What the exercise asks: If you see a picture in the data below, omit it and copy the rest exactly.

Raw data:
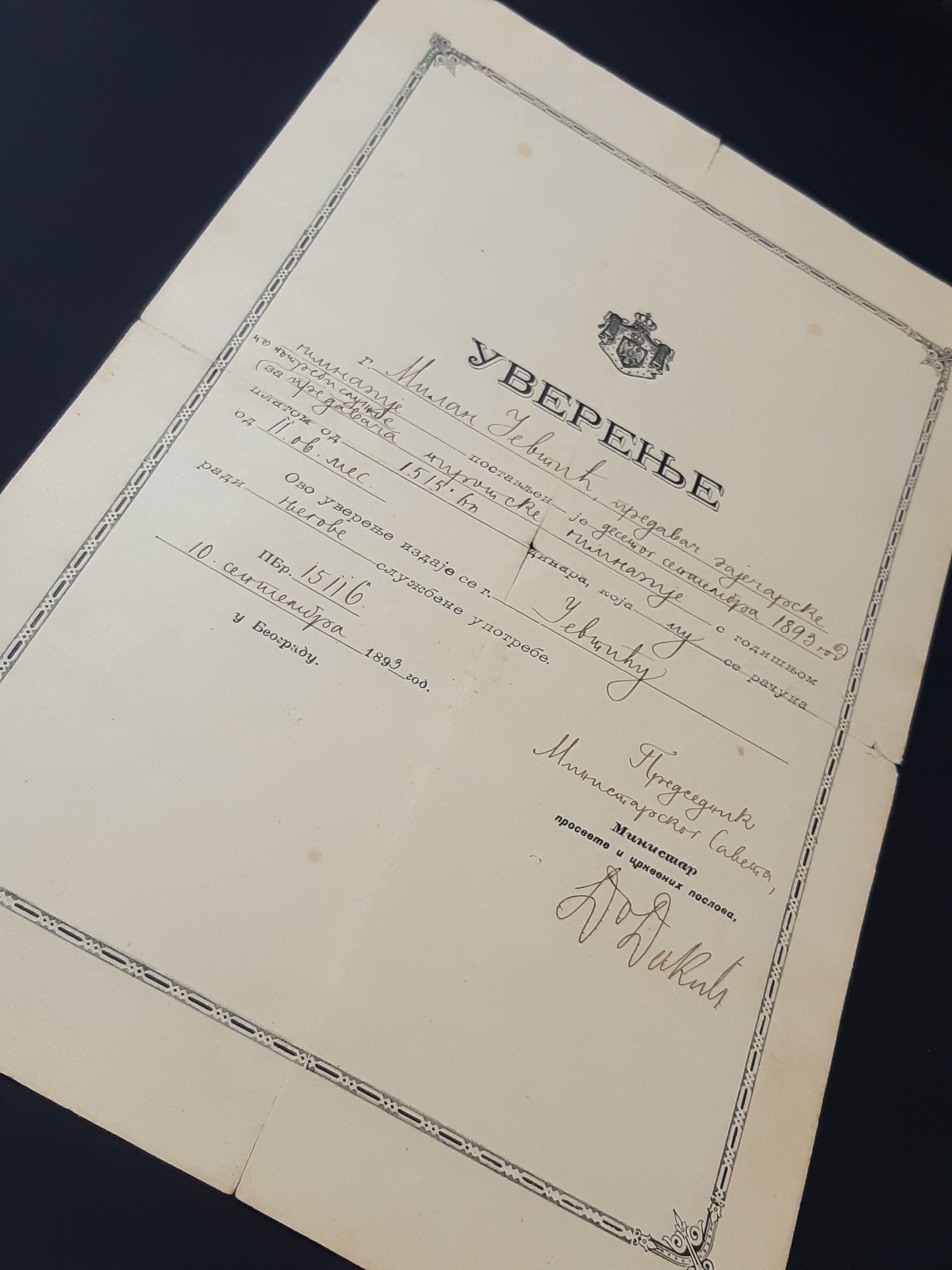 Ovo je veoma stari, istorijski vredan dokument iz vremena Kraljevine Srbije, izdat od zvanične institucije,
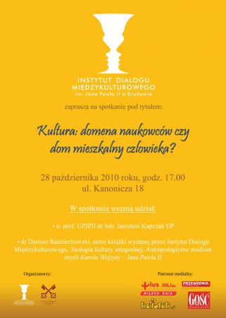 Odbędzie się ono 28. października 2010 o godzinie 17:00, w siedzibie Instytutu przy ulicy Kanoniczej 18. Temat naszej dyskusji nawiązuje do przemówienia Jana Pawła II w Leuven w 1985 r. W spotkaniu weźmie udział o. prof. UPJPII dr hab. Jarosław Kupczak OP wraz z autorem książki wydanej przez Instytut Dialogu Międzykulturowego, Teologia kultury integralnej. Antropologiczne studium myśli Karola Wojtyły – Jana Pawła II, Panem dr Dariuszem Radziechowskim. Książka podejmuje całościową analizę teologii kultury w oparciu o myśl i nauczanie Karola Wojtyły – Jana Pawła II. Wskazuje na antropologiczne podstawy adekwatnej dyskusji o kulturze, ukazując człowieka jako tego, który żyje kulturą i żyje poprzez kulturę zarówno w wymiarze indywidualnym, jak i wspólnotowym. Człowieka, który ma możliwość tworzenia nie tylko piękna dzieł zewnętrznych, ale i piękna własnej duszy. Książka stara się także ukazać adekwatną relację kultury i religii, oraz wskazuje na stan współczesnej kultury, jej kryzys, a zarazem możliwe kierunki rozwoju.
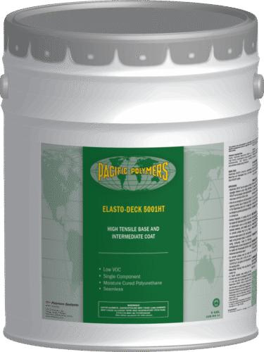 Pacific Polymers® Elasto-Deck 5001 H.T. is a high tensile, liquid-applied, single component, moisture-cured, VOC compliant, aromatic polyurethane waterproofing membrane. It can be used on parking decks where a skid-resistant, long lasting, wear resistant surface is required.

Finished exercise:
 Ovo je veoma stari, istorijski vredan dokument iz vremena Kraljevine Srbije, izdat od zvanične institucije,
 Odbędzie się ono 28. października 2010 o godzinie 17:00, w siedzibie Instytutu przy ulicy Kanoniczej 18. Temat naszej dyskusji nawiązuje do przemówienia Jana Pawła II w Leuven w 1985 r. W spotkaniu weźmie udział o. prof. UPJPII dr hab. Jarosław Kupczak OP wraz z autorem książki wydanej przez Instytut Dialogu Międzykulturowego, Teologia kultury integralnej. Antropologiczne studium myśli Karola Wojtyły – Jana Pawła II, Panem dr Dariuszem Radziechowskim. Książka podejmuje całościową analizę teologii kultury w oparciu o myśl i nauczanie Karola Wojtyły – Jana Pawła II. Wskazuje na antropologiczne podstawy adekwatnej dyskusji o kulturze, ukazując człowieka jako tego, który żyje kulturą i żyje poprzez kulturę zarówno w wymiarze indywidualnym, jak i wspólnotowym. Człowieka, który ma możliwość tworzenia nie tylko piękna dzieł zewnętrznych, ale i piękna własnej duszy. Książka stara się także ukazać adekwatną relację kultury i religii, oraz wskazuje na stan współczesnej kultury, jej kryzys, a zarazem możliwe kierunki rozwoju.
 Pacific Polymers® Elasto-Deck 5001 H.T. is a high tensile, liquid-applied, single component, moisture-cured, VOC compliant, aromatic polyurethane waterproofing membrane. It can be used on parking decks where a skid-resistant, long lasting, wear resistant surface is required.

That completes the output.